Les médiateurs dirigés par les États-Unis ont déclaré vendredi qu’ils avaient obtenu des garanties des parties belligérantes au Soudan lors des pourparlers à Genève visant à améliorer l’accès de l’aide humanitaire, mais que l’absence de l’armée soudanaise aux pourparlers avait entravé les progrès.

Pendant 10 jours de pourparlers, un nouveau groupe de médiateurs comprenant l’Arabie saoudite, l’Égypte et les Émirats arabes unis a tenté de négocier davantage d’aide et de protection pour les civils confrontés à la famine, aux déplacements massifs et à la propagation des maladies après 16 mois de guerre entre l’armée et les forces de soutien rapide (FSR) paramilitaires.

Les médiateurs, se faisant appeler Groupe Alignés pour l’avancement du sauvetage et de la paix au Soudan (ALPS), ont déclaré qu’ils avaient obtenu des promesses de laisser l’aide passer par le poste frontière d’Adre depuis le Tchad vers la région du Darfour et le long de la route de Dabbah depuis Port-Soudan sur la Mer Rouge.  
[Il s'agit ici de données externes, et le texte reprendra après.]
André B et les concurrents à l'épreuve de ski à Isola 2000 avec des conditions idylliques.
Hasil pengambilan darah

« Nous espérons que cela sera une source d’élan pour des mesures et des progrès beaucoup plus importants », a déclaré l’envoyé américain au Soudan, Tom Perriello, lors d’une conférence de presse à Genève.
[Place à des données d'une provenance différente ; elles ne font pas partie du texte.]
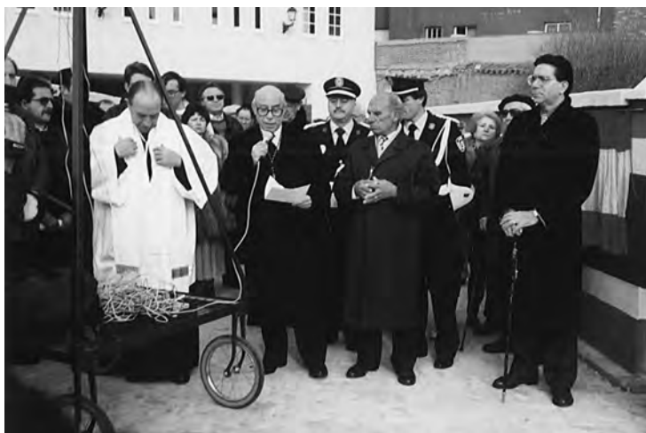
Inauguración de la Plaza del Centenario en La Bañeza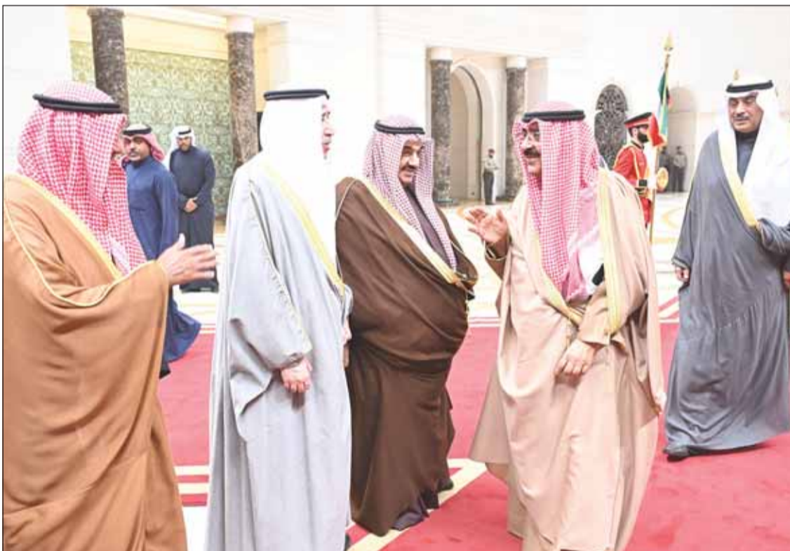
سمو أمير البلاد مودعاً سمو الشيخ ناصر المحمد والشيخ مبارك الحمد وسمو الشيخ د.محمد الصباح

« Ce qui est triste, c’est que la crise au Soudan est si grave que nous pourrions en faire quatre (cycles de négociations) sans pour autant effleurer la surface de ce que mérite le peuple soudanais. »

Illustration des défis, seule une fraction de l’aide disponible à Adré a été acheminée cette semaine, le gouvernement fidèle à l’armée ayant imposé l’arrêt des mouvements après l’ouverture du terminal pour la première fois depuis des mois.
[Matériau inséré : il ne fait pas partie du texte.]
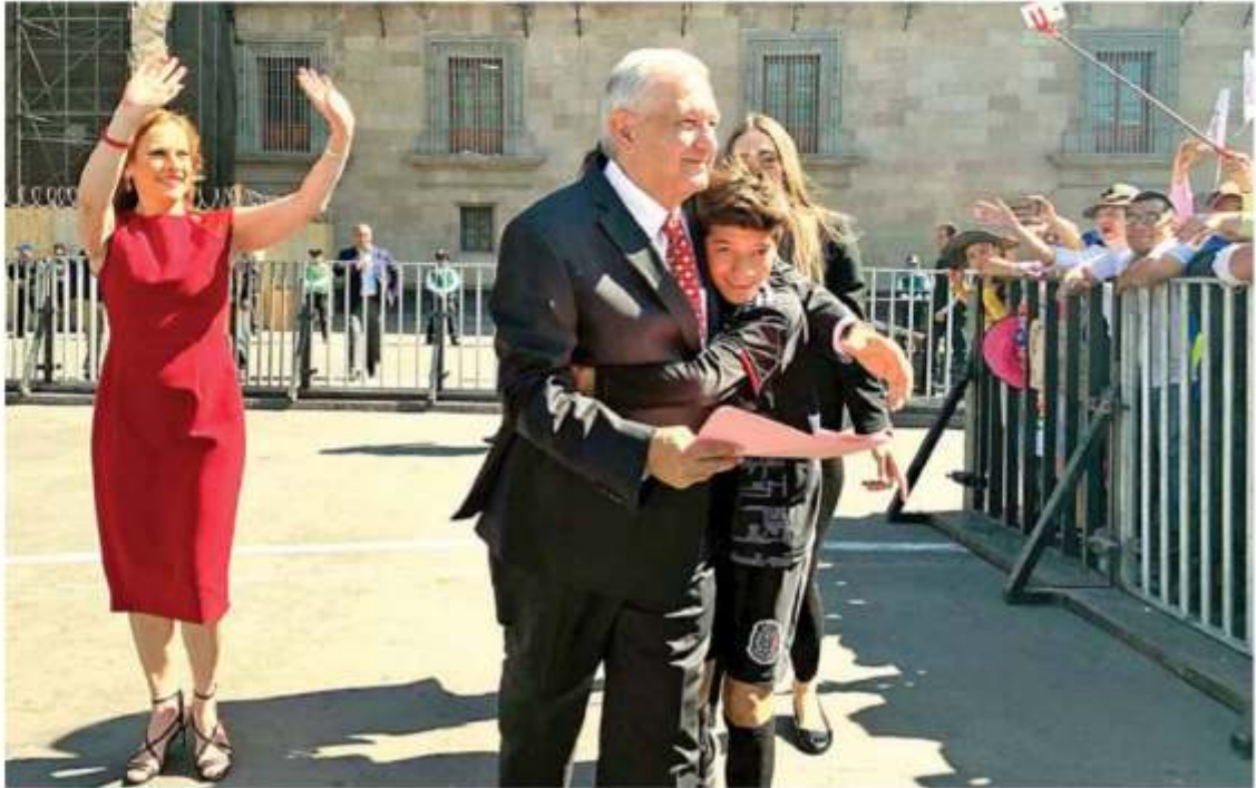
ABRAZA A COLADO Cuando López Obrador caminaba hacia el escenario, un niño traspasó la valla de seguridad para abrazarlo. Al Presidente lo acompañó su esposa, Beatriz Gutiérrez Müller.

Un lobbying diplomatique intense n’a pas réussi à convaincre l’armée d’envoyer une délégation officielle en Suisse, même si les médiateurs ont déclaré qu’ils étaient en contact virtuel avec l’armée.

« Bien que nous soyons en communication constante avec les SAF (Forces armées soudanaises) virtuellement, nous regrettons leur décision de ne pas être présents, et nous pensons que cela a limité notre capacité à faire des progrès plus substantiels sur des questions clés, en particulier la cessation nationale des hostilités », a déclaré l’ALPS dans un communiqué.

L’armée s’est opposée à l’implication dans les négociations des Émirats arabes unis, qui ont apporté un soutien matériel aux FSR, selon des rapports jugés crédibles par des experts de l’ONU. Les Émirats arabes unis ont nié avoir envoyé des armes aux FSR.